I often carried some visqueen when I did deliveries so I could line the area around my bunk and keep at least that one area dry from deck leaks, which were pretty common on wooden boats or any boat with teak decks. Older fiberglass boats often leak around deck fittings like cleats, chain plates and lifeline stanchions, especially if some previous owner used 5200 or silicon as the bedding compound.
Quite often water flows into a boat from an unsealed spurling pipe for the chain and down into the bilge. But none of these leaks are irreparable. They may take money and/or work and time to repair, and none has yet caused me to refuse a delivery or make a boat unsuitable for offshore sailing, just uncomfortable and bothersome.
Deck leaks and leaks around ports or hatches can do an incredible amount of damage very quickly if the water coming in is fresh. It will cause dry rot to any interior wood it comes in contact with. This could definitely compromise a vessel's seaworthiness if structural members are involved.
These leaks are almost impossible to hide, as the water leaves a telltale path on interior wood.

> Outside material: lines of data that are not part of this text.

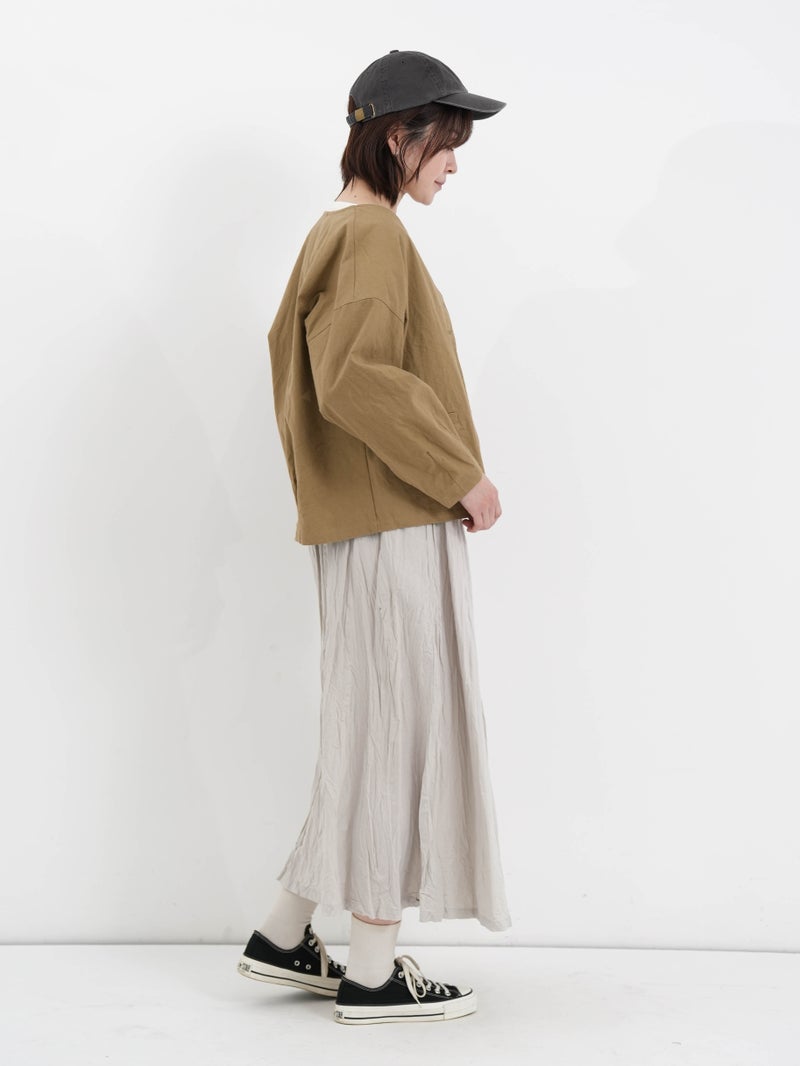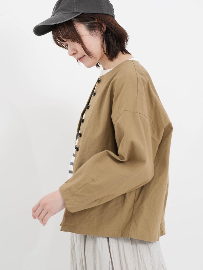 フロントに並んだボタンがさりげないアクセントになり、シンプルながら存在感のある一枚です。軽い着心地と程よい着丈でパンツにもスカートにも合わせやすく、コーディネートの幅が広がります。
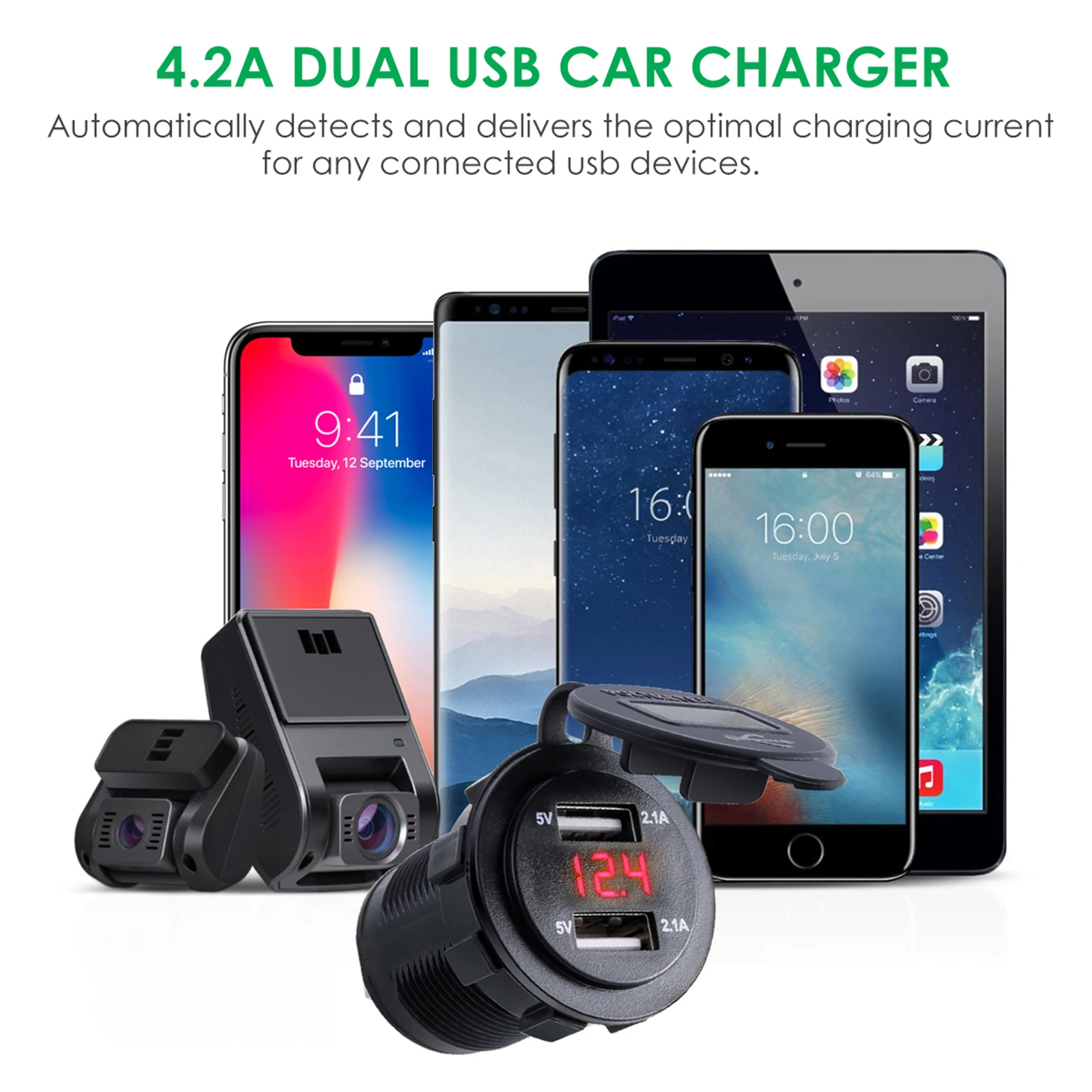 Особенности: 【Интеллектуальная зарядка с Умной зарядкой IC】: два usb-порта полностью для 4,2 А и каждого для 2,1 А, Будет автоматически обнаруживать ваши устройства и заряжать 2 устройства с оптимальной скоростью в то же время для максимальной эффективности зарядки. 【Встроенный светодиодный вольтметр для мониторинга здоровья батареи 】: реальный-своевременный мониторинг состояния вашего транспортного средства батареи и электрической системы, светодиодный Светящаяся цифра позволяет вам проверять данные ночью или в темноте. 【Защита от перезарядки для зарядки Провод, встроенный в 10А предохранитель для защиты от перегрузки, заряжает безопасно и без риска перегрева или повреждения устройств, Таким образом, сохраняя его в безопасности во время зарядки и продлевая срок службы устройства. Водонепроницаемость и Температурное сопротивление: водонепроницаемая крышка обеспечивает usb-порт и позволяет работать в условиях брызг, Отличный водонепроницаемый уровень IP66 поможет вам больше в фактическом использовании. Кроме того, Изготовлен из высокопрочного и низкотемпературного огнезащитного материала ПК, его прочный и сверхпрочный. 【Широкая Совместимость 】 это зарядное устройство USB гнездо подходит для DC 12-24V автомобиля, лодки, морской, мотоцикл, ATV, RV и т. Д. Подходит для Спецификация: Входная мощность: 12 В-24 В постоянного тока Выходная мощность: 5 В 2.1A/2.1A Материал: Поликарбонат Размер: 1,35 "x 2,05" Цвет: Синяя цифра | Красная цифра | Зеленая цифра Теплые советы: Показания напряжения могут быть видны только при подключении к батарее, а напряжение также может считываться, когда крышка включена Примечание: Возможны незначительные отклонения в размере на 1-3 см (0,4-1,18 ") измерения выполнены вручную, допускаются отклонения в размере в пределах и небольшое отличие в цвете может незначительно отличаться из-за разных настроек экрана Спасибо и хороший день! Посылка включает: 1 * Зарядное устройство USB с двумя портами 1*23,7 дюйма провод с предохранителем 10A
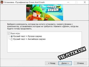4. После установки русификатора перезапустите игру Cross And Crush.
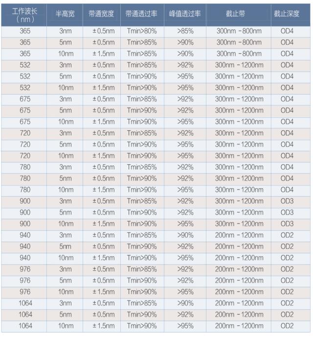900nm 帶通濾光片 1064nm 窄帶濾光片 365nm 窄帶濾光片 777.4nm 帶通濾光片
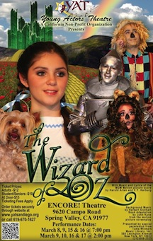 March 4, 2013 (Spring Valley) – Click your ruby slilppers and make a wish: Young Actors Theatre will present the Wizard of Oz on March 8-10 and March 15-17 at the Encore! Theater, 9620 Campo Road in Spring Valley.
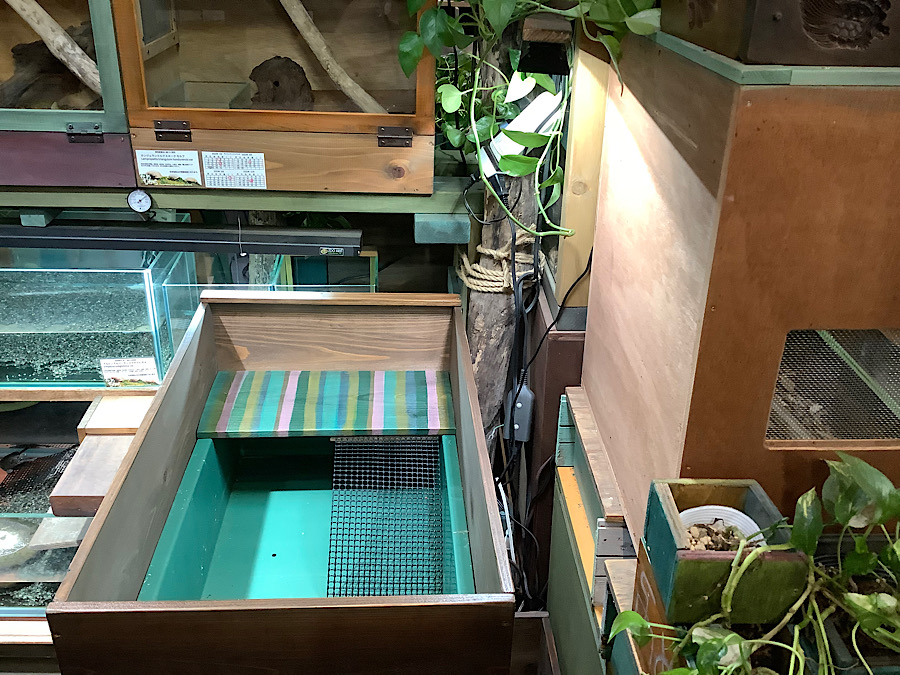 と、言う事で年末年始のペットホテル用に90㎝サイズエンクロージャーが4つ確保できそうなので安心、店主は自分の世界へ走っております。前回はココまで作業を勧めましたね。コーンスネークを飼育していたケージをどけてミズガメ用の大型タフ舟を2つとハコガメ用/ミズガメ用かめぢからベースG型。
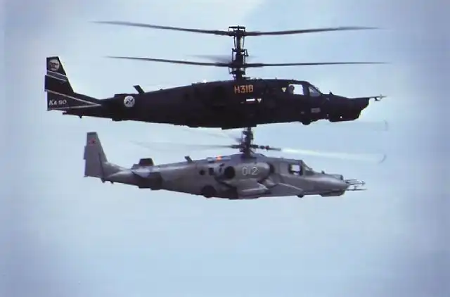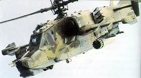 Боевой ударный вертолет Ка-50 предназначен для поражения бронетанковой и мотомеханизированной техники, воздушных целей и живой силы на поле боя. По критерию «эффективность-стоимость» он не имеет себе равных среди всех существующих боевых вертолетов. Это достигнуто благодаря оптимальному сочетанию высоких значений энерговооруженности соосного аппарата, маневренности и летных данных; мощного вооружения; интегрального бортового радиоэлектронного комплекса; высоких боевой живучести и эксплуатационной технологичности. Вертолет Ка-50 разработан специалистами фирмы «Камов» по ТТЗ Министерства обороны под руководством генерального конструктора, члена-корреспондента РАН, Героя России Сергея Викторовича Михеева и построен по соосной схеме несущих винтов.Особое внимание при конструировании Ка-50 уделено удобству размещения пилота на рабочем месте, обеспечению хорошего обзора внешнего пространства, до мелочей продуманному расположению оборудования в кабине, автоматизации пилотирования и применения оружия. Обзорно-поисковая и прицельная система с высокой разрешающей способностью (23-кратное увеличения) позволяет обнаруживать, распознавать малоразмерные наземные цели и применять средства поражения на дальностях до 10 км. Нашлемная система целеуказания и прицельно-пилотажная информация, вынесенная на индикатор лобового стекла, обеспечивают пилоту применение оружия с «поднятой головой», что особенно важно для полета на предельно малой высоте.
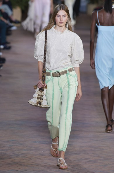 Ну а теперь поговорим о трендах сезона. Предложу вам пару нескучных джинсовых образов, подсмотренных на весенних подиумах.
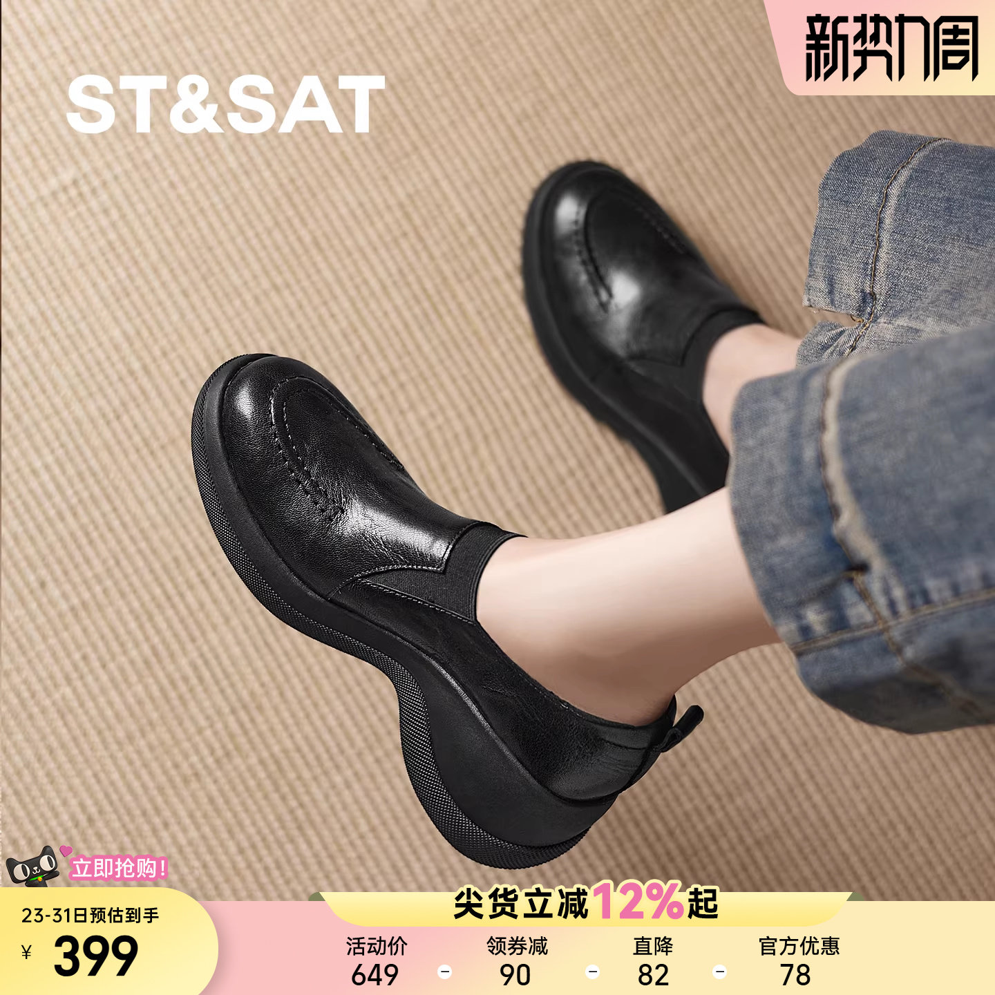 星期六真皮厚底乐福鞋女2026春新款黑色坡跟小皮鞋一脚蹬深口单鞋

I've not had the experience the OP's friend had with water coming into the boat through the decks in enough quantity to need an inordinate amount of pumping, but several times I have had water flowing into wooden boats that have sat unused for long periods, through open seams in the planking above the waterline, which did require 24 hour pumping, but they usually swelled up in 12 hours to a couple of days. On one 73 foot shrimper, on a voyage from Marco Island to the Dry Tortugas on a very blustery night, we had water several feet over the engine room floorboards (maybe 7 feet of water total). Fortunately, the seams began to swell just about the same time I thought we were going to lose her. Sometimes you just get lucky.